Give back exactly the lines from the start of the entries below to the line holding "½ÅûÇÒ ¼ö ÀÖ´Ù.", that line included, and leave every picture out.
ENTRIES PROVIDED below:
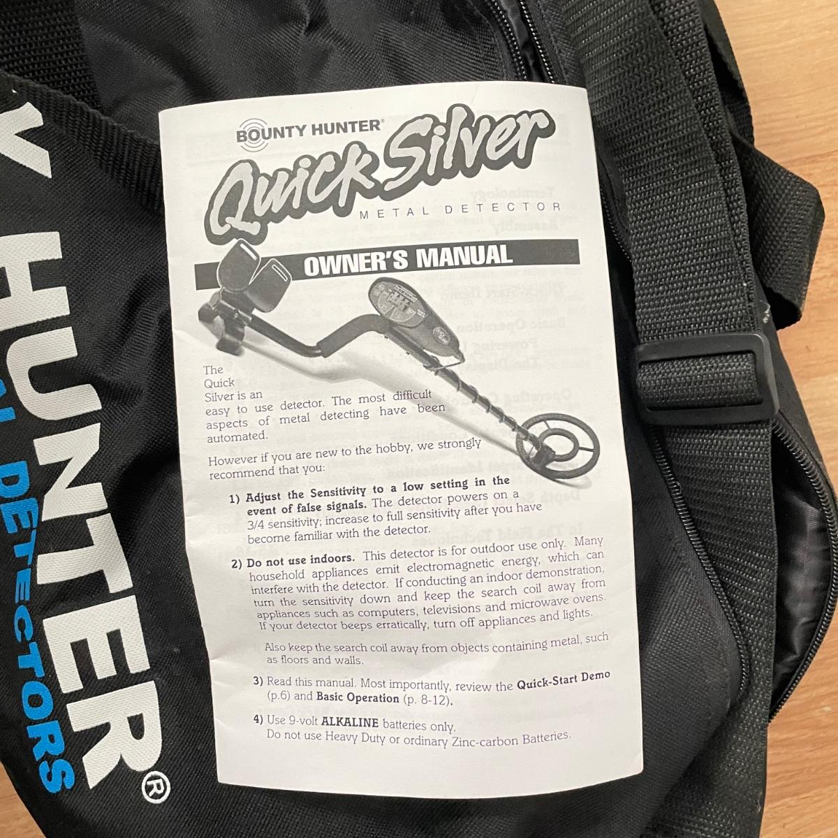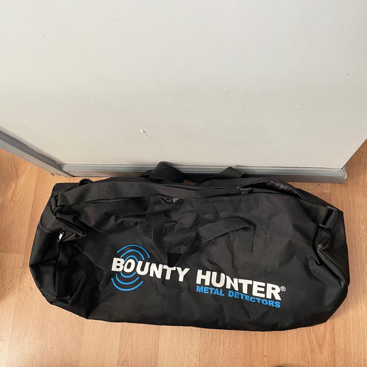 Lot includes a Bounty Hunter metal detector with 8” coil and a carrying bag. Unit was not tested as it has no batteries.
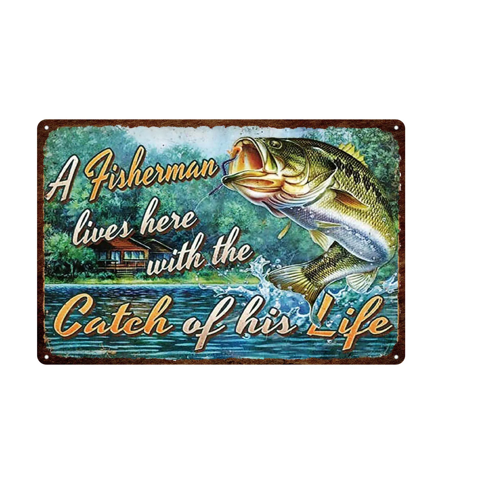 Ловить рыбу винтажные металлические знаки ржавые потертый декоративного искусства адвокатского сословия плиты гараж Кухня стенные бляшки Декор жестяная вывеска человек пещера плакат
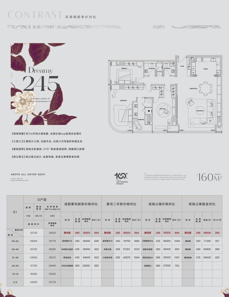 成都嘉佰道位于市中心绝版地段,百年川大望江楼隔江相望,千年锦江熠熠生辉,安顺廊桥,合江亭,东大街,九眼桥,占据历史文化的先机。以222米的绝版高度,塑造成都对话世界的居住高度。全国目前在售的最高双塔建筑,由阿玛尼大师亲制打造永久传世之作。城市封面的一张明信片。
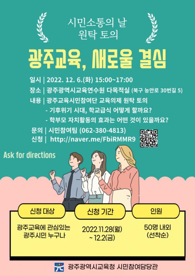 ÇÑÆí, ±¤Áֽñ³À°Ã»Àº ÇöÀå°ú ¼ÒÅëÇÏ°í ½Ã¹ÎµéÀÇ ÀǰßÀ» °æÃ»ÇϰíÀÚ ¸Å³â µÎ Â÷·Ê ½Ã¹Î¼ÒÅëÀÇ ³¯À» ÁøÇàÇϰí ÀÖ´Ù. ±¤ÁÖ±³À°¿¡ °ü½É ÀÖ´Â ±¤ÁֽùÎÀ̶ó¸é À¥ÆäÀÌÁö(https://naver.me/FbiRMMR9)¿¡¼ ´©±¸³ª ½ÅûÇÒ ¼ö ÀÖ´Ù.
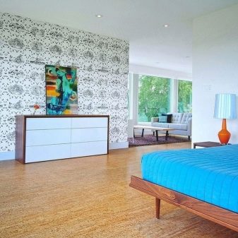 - Cork coating. The most suitable option for a bedroom, although it may seem monotonous. If you combine it correctly with parquet boards, you will be able to create a unique design.
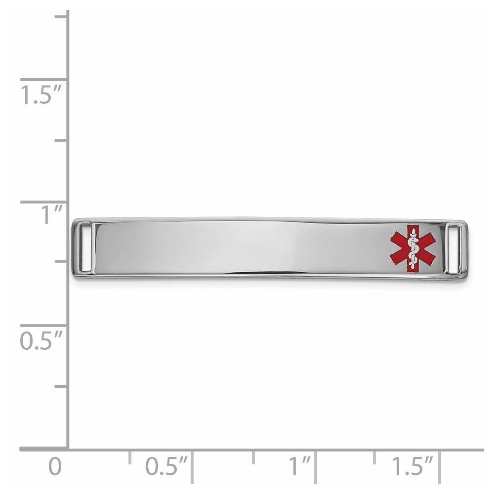 14K White Gold 36x6mm Off-Center Red Epoxy Enameled Medical ID Plate # 818
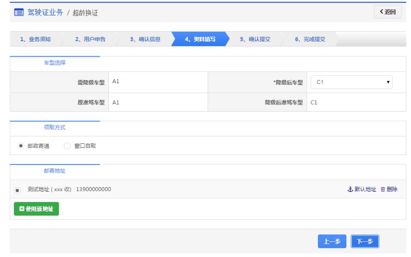 步骤4:【资料填写】在该步骤,用户需认真确认降级后准驾车型,并且选择领取方式是邮政寄递或窗口自取。业务成功受理后,如果选择邮政寄递的,邮政人员将上门收取相关资料和费用,交付机动车驾驶证及收费票据,同时将收回的资料送回车管所。如果选择窗口自取的,则自行到选择的自取网点窗口领取机动车驾驶证。
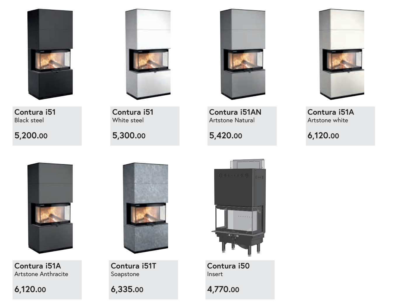 You can either opt for no cladding or colours such as Black Steel, White Steel, Artstone Natural, Artstone White, Artstone Anthracite or Soapstone
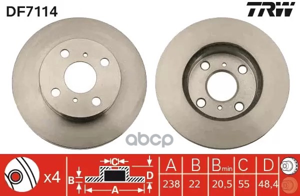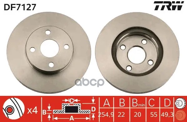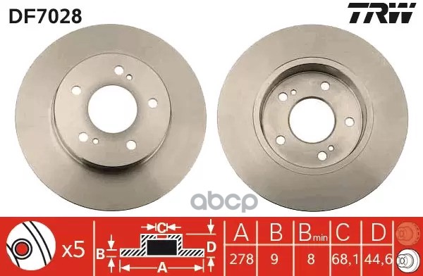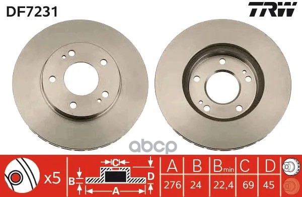DF6977S TRW Диск тормозной перед CITROEN JAMPY, PEUGEOT EXPERT 1,5-2,0HDI 16-, OPEL VIVARO, ZAFIRA L
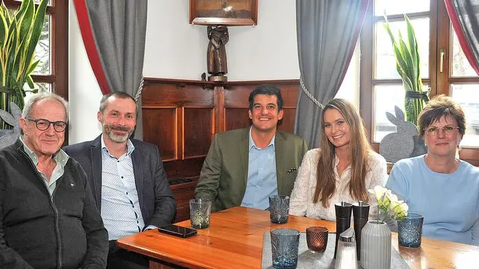Treffen im Gasthof Kamper in Admont: Seniorchef Albert Bacher, Bürgermeister Christian Haider, der neue Zahnarzt Jakob Götsch mit Lebensgefährtin Sarah, die bisherige Admonter Zahnärztin Beate Setaffy (v. li.)
End of ENTRIES PROVIDED.
# RESULT FOR THIS EXERCISE
 Lot includes a Bounty Hunter metal detector with 8” coil and a carrying bag. Unit was not tested as it has no batteries.
 Ловить рыбу винтажные металлические знаки ржавые потертый декоративного искусства адвокатского сословия плиты гараж Кухня стенные бляшки Декор жестяная вывеска человек пещера плакат
 成都嘉佰道位于市中心绝版地段,百年川大望江楼隔江相望,千年锦江熠熠生辉,安顺廊桥,合江亭,东大街,九眼桥,占据历史文化的先机。以222米的绝版高度,塑造成都对话世界的居住高度。全国目前在售的最高双塔建筑,由阿玛尼大师亲制打造永久传世之作。城市封面的一张明信片。
 ÇÑÆí, ±¤Áֽñ³À°Ã»Àº ÇöÀå°ú ¼ÒÅëÇÏ°í ½Ã¹ÎµéÀÇ ÀǰßÀ» °æÃ»ÇϰíÀÚ ¸Å³â µÎ Â÷·Ê ½Ã¹Î¼ÒÅëÀÇ ³¯À» ÁøÇàÇϰí ÀÖ´Ù. ±¤ÁÖ±³À°¿¡ °ü½É ÀÖ´Â ±¤ÁֽùÎÀ̶ó¸é À¥ÆäÀÌÁö(https://naver.me/FbiRMMR9)¿¡¼ ´©±¸³ª ½ÅûÇÒ ¼ö ÀÖ´Ù.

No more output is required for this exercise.